━━━━━ DATA EXCERPT ━━━━━

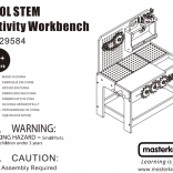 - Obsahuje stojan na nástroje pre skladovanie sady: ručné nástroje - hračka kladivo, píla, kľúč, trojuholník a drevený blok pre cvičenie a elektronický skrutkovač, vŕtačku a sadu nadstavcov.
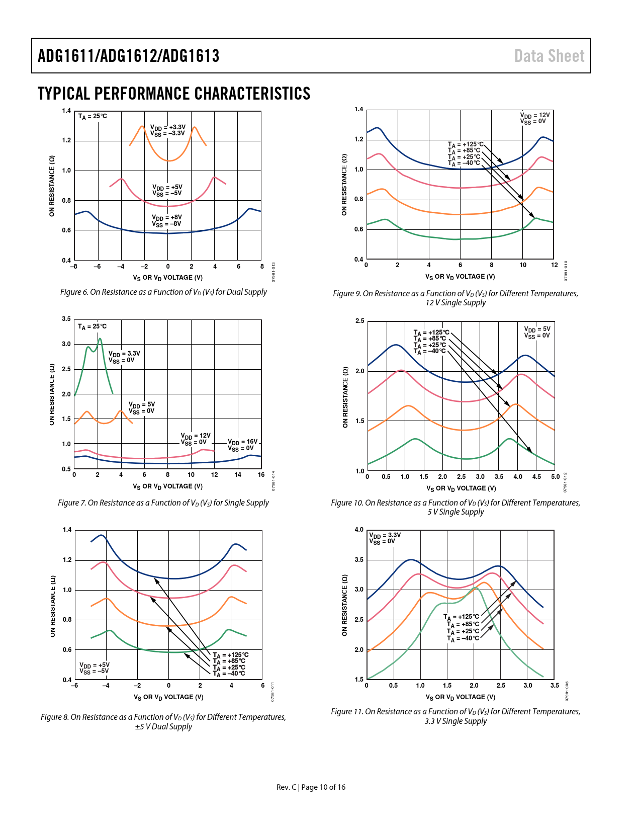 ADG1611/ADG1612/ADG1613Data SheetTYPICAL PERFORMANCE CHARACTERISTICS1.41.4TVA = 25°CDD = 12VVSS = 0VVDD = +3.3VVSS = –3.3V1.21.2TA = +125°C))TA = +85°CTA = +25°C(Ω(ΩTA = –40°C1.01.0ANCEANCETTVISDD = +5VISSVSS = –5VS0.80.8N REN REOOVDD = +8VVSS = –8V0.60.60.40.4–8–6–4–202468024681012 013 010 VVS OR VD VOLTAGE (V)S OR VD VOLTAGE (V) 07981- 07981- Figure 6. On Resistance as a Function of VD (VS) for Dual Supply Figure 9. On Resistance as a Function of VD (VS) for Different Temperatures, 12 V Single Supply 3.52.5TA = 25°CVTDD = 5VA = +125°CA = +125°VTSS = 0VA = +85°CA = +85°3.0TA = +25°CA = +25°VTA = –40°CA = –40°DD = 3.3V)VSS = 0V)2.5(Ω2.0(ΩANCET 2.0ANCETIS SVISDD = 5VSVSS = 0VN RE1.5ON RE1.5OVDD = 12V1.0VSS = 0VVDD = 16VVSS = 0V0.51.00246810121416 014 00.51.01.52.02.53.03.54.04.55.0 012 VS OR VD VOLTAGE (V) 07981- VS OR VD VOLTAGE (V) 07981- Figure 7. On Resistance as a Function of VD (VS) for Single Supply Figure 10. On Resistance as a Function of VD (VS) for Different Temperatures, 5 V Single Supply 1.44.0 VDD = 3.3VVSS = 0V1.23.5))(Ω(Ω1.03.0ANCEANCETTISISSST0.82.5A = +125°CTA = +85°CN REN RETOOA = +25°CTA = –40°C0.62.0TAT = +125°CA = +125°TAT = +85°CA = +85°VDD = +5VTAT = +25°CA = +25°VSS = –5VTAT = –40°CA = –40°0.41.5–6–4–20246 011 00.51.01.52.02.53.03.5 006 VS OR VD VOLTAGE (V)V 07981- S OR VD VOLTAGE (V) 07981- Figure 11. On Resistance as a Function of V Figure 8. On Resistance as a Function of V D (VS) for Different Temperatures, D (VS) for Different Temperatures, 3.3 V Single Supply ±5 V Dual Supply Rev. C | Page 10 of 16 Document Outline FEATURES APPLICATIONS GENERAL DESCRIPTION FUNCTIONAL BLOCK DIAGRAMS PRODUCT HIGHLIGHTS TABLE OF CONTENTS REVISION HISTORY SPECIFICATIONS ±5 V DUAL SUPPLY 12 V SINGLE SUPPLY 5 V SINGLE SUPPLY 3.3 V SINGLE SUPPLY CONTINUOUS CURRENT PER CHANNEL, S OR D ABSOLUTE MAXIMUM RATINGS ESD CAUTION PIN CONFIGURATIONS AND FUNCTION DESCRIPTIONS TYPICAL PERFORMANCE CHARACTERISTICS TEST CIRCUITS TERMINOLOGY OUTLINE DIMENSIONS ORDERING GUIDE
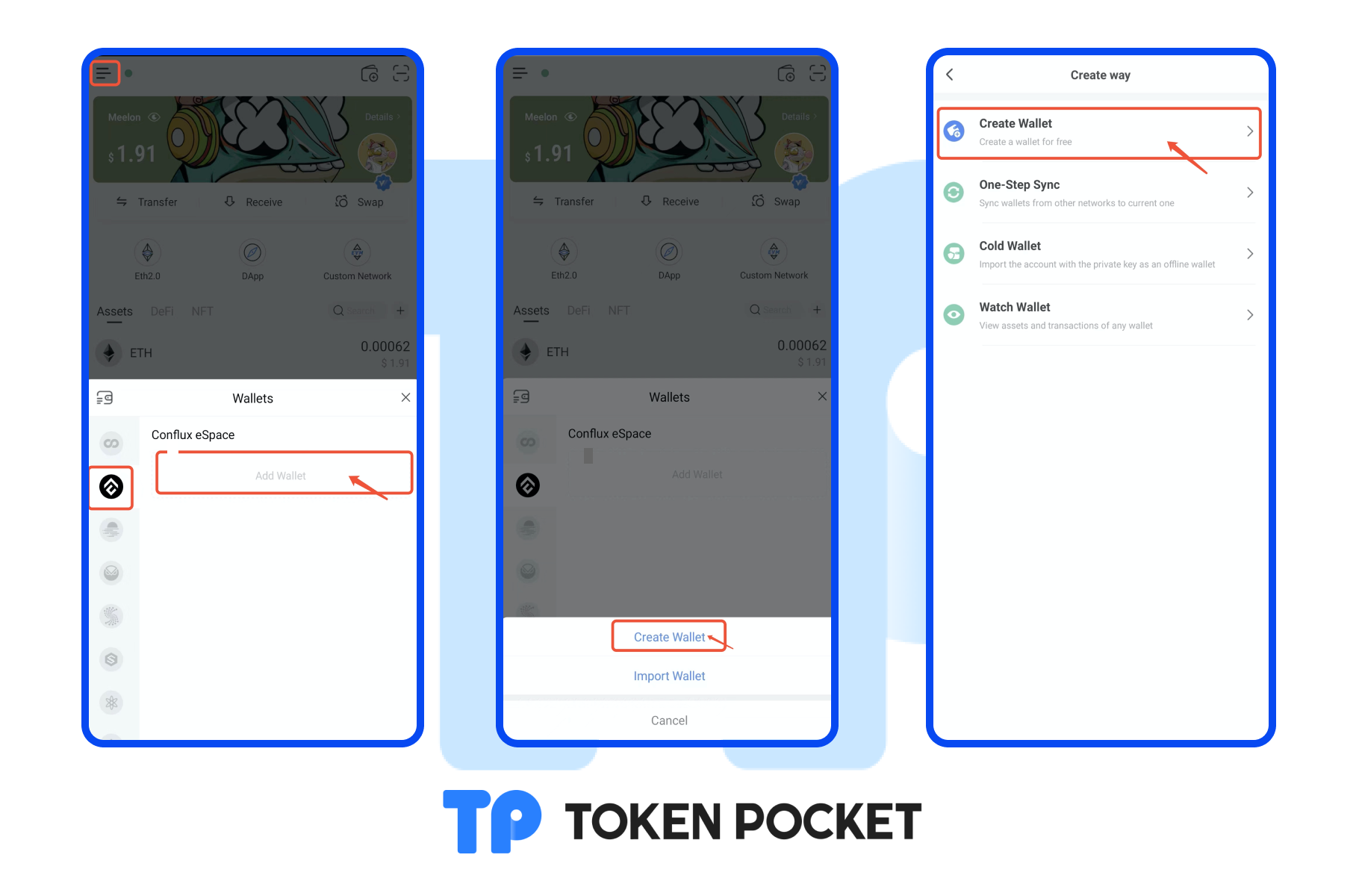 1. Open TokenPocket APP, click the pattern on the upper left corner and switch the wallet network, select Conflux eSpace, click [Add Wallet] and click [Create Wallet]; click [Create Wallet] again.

━━━━━

§ TASK OBJECTIVE
Give the listing again word for word. Skip every image.

§ SOLUTION
 - Obsahuje stojan na nástroje pre skladovanie sady: ručné nástroje - hračka kladivo, píla, kľúč, trojuholník a drevený blok pre cvičenie a elektronický skrutkovač, vŕtačku a sadu nadstavcov.
 ADG1611/ADG1612/ADG1613Data SheetTYPICAL PERFORMANCE CHARACTERISTICS1.41.4TVA = 25°CDD = 12VVSS = 0VVDD = +3.3VVSS = –3.3V1.21.2TA = +125°C))TA = +85°CTA = +25°C(Ω(ΩTA = –40°C1.01.0ANCEANCETTVISDD = +5VISSVSS = –5VS0.80.8N REN REOOVDD = +8VVSS = –8V0.60.60.40.4–8–6–4–202468024681012 013 010 VVS OR VD VOLTAGE (V)S OR VD VOLTAGE (V) 07981- 07981- Figure 6. On Resistance as a Function of VD (VS) for Dual Supply Figure 9. On Resistance as a Function of VD (VS) for Different Temperatures, 12 V Single Supply 3.52.5TA = 25°CVTDD = 5VA = +125°CA = +125°VTSS = 0VA = +85°CA = +85°3.0TA = +25°CA = +25°VTA = –40°CA = –40°DD = 3.3V)VSS = 0V)2.5(Ω2.0(ΩANCET 2.0ANCETIS SVISDD = 5VSVSS = 0VN RE1.5ON RE1.5OVDD = 12V1.0VSS = 0VVDD = 16VVSS = 0V0.51.00246810121416 014 00.51.01.52.02.53.03.54.04.55.0 012 VS OR VD VOLTAGE (V) 07981- VS OR VD VOLTAGE (V) 07981- Figure 7. On Resistance as a Function of VD (VS) for Single Supply Figure 10. On Resistance as a Function of VD (VS) for Different Temperatures, 5 V Single Supply 1.44.0 VDD = 3.3VVSS = 0V1.23.5))(Ω(Ω1.03.0ANCEANCETTISISSST0.82.5A = +125°CTA = +85°CN REN RETOOA = +25°CTA = –40°C0.62.0TAT = +125°CA = +125°TAT = +85°CA = +85°VDD = +5VTAT = +25°CA = +25°VSS = –5VTAT = –40°CA = –40°0.41.5–6–4–20246 011 00.51.01.52.02.53.03.5 006 VS OR VD VOLTAGE (V)V 07981- S OR VD VOLTAGE (V) 07981- Figure 11. On Resistance as a Function of V Figure 8. On Resistance as a Function of V D (VS) for Different Temperatures, D (VS) for Different Temperatures, 3.3 V Single Supply ±5 V Dual Supply Rev. C | Page 10 of 16 Document Outline FEATURES APPLICATIONS GENERAL DESCRIPTION FUNCTIONAL BLOCK DIAGRAMS PRODUCT HIGHLIGHTS TABLE OF CONTENTS REVISION HISTORY SPECIFICATIONS ±5 V DUAL SUPPLY 12 V SINGLE SUPPLY 5 V SINGLE SUPPLY 3.3 V SINGLE SUPPLY CONTINUOUS CURRENT PER CHANNEL, S OR D ABSOLUTE MAXIMUM RATINGS ESD CAUTION PIN CONFIGURATIONS AND FUNCTION DESCRIPTIONS TYPICAL PERFORMANCE CHARACTERISTICS TEST CIRCUITS TERMINOLOGY OUTLINE DIMENSIONS ORDERING GUIDE
 1. Open TokenPocket APP, click the pattern on the upper left corner and switch the wallet network, select Conflux eSpace, click [Add Wallet] and click [Create Wallet]; click [Create Wallet] again.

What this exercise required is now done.